First, an image pre-processing was performed to normalize the satellite images for different levels of brightness, saturation and contrast. Then the training and validation data had to be generated by the visual location of wind farms and turbines in ArcGIS Pro (Esri's professional GIS tool). The localized turbines were marked and converted into dereferenced polygons. After combining the resulting polygons with the corresponding mosaic of images, they became picture masks. The mask classifies whether or not an image pixel belongs to a wind turbine. This serves as the desired classification scheme for the developed artificial neural network. The deep learning framework is based on a U-Net architecture, which has proven to work very well for segmentation tasks with a low amount of training data. Segmentation performance was tracked using the Jaccard index, which is an intersection in a union measure. The training was calibrated to achieve maximum accuracy in the validation set to avoid model overfitting. The final layer of the neural network generates an image mask with a pixel-level prediction of the likelihood of a pixel belonging to a wind turbine.

Challenges

The first challenge was to create training functions and generate wind turbine polygons within the 700 satellite images. The unsupervised collation application, specifically a K-Means colour grouping, has aided in pattern recognition and polygon shape extraction. Another time-consuming challenge was to detect false positives in the network, ie recognized image segments that were falsely identified as wind turbines, such as roads or aircraft with branches. More training periods were required to train the neural network to differentiate between objects with a similar appearance.

Project result

Using the deep learning model developed, a regional register of wind turbines was successfully created for the state of North Rhine-Westphalia. In total, about 3,300 wind turbines have been identified in satellite imagery.

This record was also captured as a layer in ArcGIS Pro and is now available as map material within the software, showing the location of all wind turbines identified as polygons of their shapes. As a next step, the model can also be applied to other German states or even create a global register of wind turbines. The wind turbine layer can be combined with current wind speed data to monitor wind power generation and the average wind speed layers to support spatial planning of new wind turbine installations.

Other applications

The deep learning model developed has already been used in other projects within the field of satellite image segmentation.
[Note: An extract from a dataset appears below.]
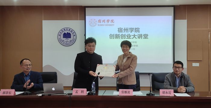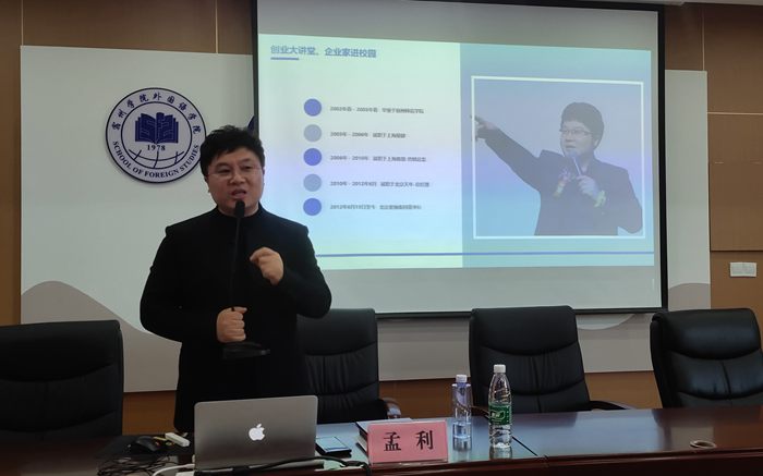 讲座开始前张雁凌向孟利发放外国语学院优秀校友证书;郝景东代表学院聘请孟利为外国语学院校外辅导员并发放聘书;胡永近代表学院聘请孟利为外国语学院创新创业导师并发放聘书。

Based on the satellite images provided, a stylized map material was created. The neural network was trained to detect different objects and types of ground cover in satellite images, such as roads, trees, forests, vehicles, buildings, rivers and agricultural fields.

Outlook
Satellite imagery has multiplicative fields of application and can be used to gain a better understanding of other domains, eg to help identify natural resources more easily, to visualize and monitor climate or vegetative changes or to represent the impacts of natural disasters with accuracy. However, these things were mostly achieved through manual or semi-automatic methods. Detection of artificial intelligence functions and satellite images can contribute significantly to these geographic applications.

To getting expert-level training for Data Science Training in your location –Data Science Training in Chennai Data Science Training in Bangalore Data Science Training in Pune | Data Science Training in Kalyan Nagar Data Science Training in marathahalliData Science Training in Anna Nagar | Data Science Training in OMR Data Science Training in Rajaji Nagar Data Science Training in btmData Science with Python training in Chennai | Data Science with R Training in chennaiData Science with SAS Training in ChennaiData science Training in Velachery | Data science Training in Tambaram | Data science training in jayanagarData Science Training in PuneData Science Training in Kalyan Nagar | Data Science Training in Chennai |Data Science training in Bangalore | Data Science training in Chennai|Data Science Training in electronic city|Data Science Training in Indira NagarData Science Training in Marathahalli Data Science Training in BTM layout For getting online training | Data Science online Training |Data science training in USA

Saturday, November 24, 2018

Why is ethics essential in the big data area?


Introduction

Digital technology and the rise of massive data have led to continued doubts about maintaining integrity and marketing in business. Business leaders are experimenting with a new paradigm in which everyone must take into account important issues such as privacy, monitoring, and how we use data for personal use and benefit.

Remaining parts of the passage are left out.